Onun emriyle harekete geçen Subutay 1217 ve 1219 yıllarında Merkitleri ve onların müttefiki olan Kumankıpçak Federe Birliklerini yenilgiye uğrattı. Moğolların Asya’nın merkezine doğru harekete geçmiş olmaları onları en nihayetinde Muhammed Harzem Şah ile karşı karşıya getirdi. 1219-1220 yıllarında Moğollar başta Buhara, Otrar ve Semerkant gibi Orta Asya’nın önemli şehirlerini yerle bir ettiler.

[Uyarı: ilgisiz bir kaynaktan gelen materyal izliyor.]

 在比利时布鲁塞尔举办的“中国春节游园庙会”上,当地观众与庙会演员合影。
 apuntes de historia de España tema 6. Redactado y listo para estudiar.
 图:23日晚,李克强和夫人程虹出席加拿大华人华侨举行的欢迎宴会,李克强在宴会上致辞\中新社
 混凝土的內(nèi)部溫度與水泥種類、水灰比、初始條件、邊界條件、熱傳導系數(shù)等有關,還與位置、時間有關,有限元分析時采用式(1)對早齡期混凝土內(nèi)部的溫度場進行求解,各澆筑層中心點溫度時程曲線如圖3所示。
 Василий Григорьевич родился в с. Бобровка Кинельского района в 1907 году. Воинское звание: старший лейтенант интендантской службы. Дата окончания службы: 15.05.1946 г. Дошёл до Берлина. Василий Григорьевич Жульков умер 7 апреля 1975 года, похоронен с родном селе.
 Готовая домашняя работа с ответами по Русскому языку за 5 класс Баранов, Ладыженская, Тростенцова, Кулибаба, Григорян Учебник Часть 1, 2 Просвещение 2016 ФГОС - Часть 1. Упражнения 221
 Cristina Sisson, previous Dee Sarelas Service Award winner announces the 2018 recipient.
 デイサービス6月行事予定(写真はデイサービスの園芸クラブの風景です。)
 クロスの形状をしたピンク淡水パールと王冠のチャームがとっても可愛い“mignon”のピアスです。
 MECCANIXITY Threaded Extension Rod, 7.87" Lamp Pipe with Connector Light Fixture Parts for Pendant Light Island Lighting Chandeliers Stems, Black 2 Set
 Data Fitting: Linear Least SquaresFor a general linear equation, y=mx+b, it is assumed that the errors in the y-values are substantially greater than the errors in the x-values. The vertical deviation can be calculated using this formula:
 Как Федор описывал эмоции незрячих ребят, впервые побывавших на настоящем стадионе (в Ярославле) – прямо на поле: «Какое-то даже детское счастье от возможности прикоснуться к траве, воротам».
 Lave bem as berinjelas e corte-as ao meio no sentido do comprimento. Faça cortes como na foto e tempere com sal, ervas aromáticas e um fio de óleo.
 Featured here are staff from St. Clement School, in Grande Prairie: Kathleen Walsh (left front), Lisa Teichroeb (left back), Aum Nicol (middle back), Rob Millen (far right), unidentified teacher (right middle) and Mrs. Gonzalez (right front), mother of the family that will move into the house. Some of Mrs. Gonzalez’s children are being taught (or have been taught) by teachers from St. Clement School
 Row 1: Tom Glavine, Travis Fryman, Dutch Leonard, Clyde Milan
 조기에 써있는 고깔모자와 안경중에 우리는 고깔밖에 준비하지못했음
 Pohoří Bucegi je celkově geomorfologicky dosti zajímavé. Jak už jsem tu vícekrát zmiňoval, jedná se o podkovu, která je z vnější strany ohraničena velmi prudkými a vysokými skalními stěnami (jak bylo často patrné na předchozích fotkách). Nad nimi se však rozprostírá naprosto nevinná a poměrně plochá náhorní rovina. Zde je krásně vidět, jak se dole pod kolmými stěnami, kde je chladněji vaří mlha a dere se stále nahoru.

Muhammed Harzem Şah her ne kadar Moğol saldırılarına karşı koymaya çalıştıysa da en sonunda ülkesini terk ederek Hazar denizindeki bir adaya sığınmak zorunda kaldı. Subutay ve Cebe, Cengiz Han tarafından onu takip etmekle görevlendirilmişlerdi. Ancak Şah’ın sığındığı adada ani bir şekilde ölmesiyle bu görev bir keşif seferine dönüşmüştü. Bundan sonra Moğol fırtınası Kafkaslara yönelmiş, önce Gürcüler ardından ise Kıpçaklarla desteklenmiş Rus birlikleri yenilgiye uğratılmıştı. 1223 yılında tamamlanan bu sefer Moğollara yeni toprak kazandırmamışsa da Subutay’ın Avrupa halkları hakkında bilgi edilmesini sağlamıştı. 1238’de Don Nehri’ni geçen Subutay, 1240 yılına kadar geçen süre boyunca Rusya’nın büyük bir bölümünü ele geçirdi. 1241 yılının başlarında Moğollar beş farklı bölgeden Avrupa içlerine ilerlemeye başladı. Legnika ve Mohi savaşlarında leh birlikleriyle desteklenmiş olan Macar orduları arda ardına yenilgiye uğratıldı. Moğolların durmaya niyeti yoktu. Ancak 1242 yılında Ögede’in ölüm haberinin karargaha ulaşmasıyla ordu Muallistan’a geri dönmek zorunda kaldı. Han’ın ölüm haberini aldığında Subutay, Kutsal Roma-German İmparatorluğu’nu istila etmenin planlarını yapıyordu. Ancak bu yeni gelişme bütün planlarını alt üst etmişti. 1246 ve 1247 yıllarında son karnedanı üzerine başarılı seferler yürüten Subutay, bu seferlerin ardından emekli olarak Tuğul Nehri kıyısına yerleşti. Burada huzur içinde öldüğünde 72 ya da 73 yaşındaydı. Ölümü başta Çin olmak üzere birçok ülkede sevinçle karşılanmıştı. Buna karşın Orta Asya’nın göçebe halklarının hafızasında Subutay her zaman kendine yer bulmayı başarı çaktı. Cengiz Han’ın Türk ve Moğol komutanları onu zaferden zafere taşımış, Asya’dan Avrupa’ya uzanan geniş arazi üzerinde onun için at koşturmuş, düşmanla çarpışmış oluk oluk kan dökmüşlerdi. Onlar şiddetle şekillenmiş, kaba kuvvetle yoğrulmuş bir çağın en acımasız savaşçılarıydılar. Uğruna çarpıştıkları imparatorluk birkaç yüzyıl içinde paramparça olmuş tarihin tozlu sayfalarına gömülmüştü.
Yine de onların başarıları bu tozlu sayfalara işlenmiş olan Moğol tarihinin en çarpıcı bölümüne oluşturmuştu.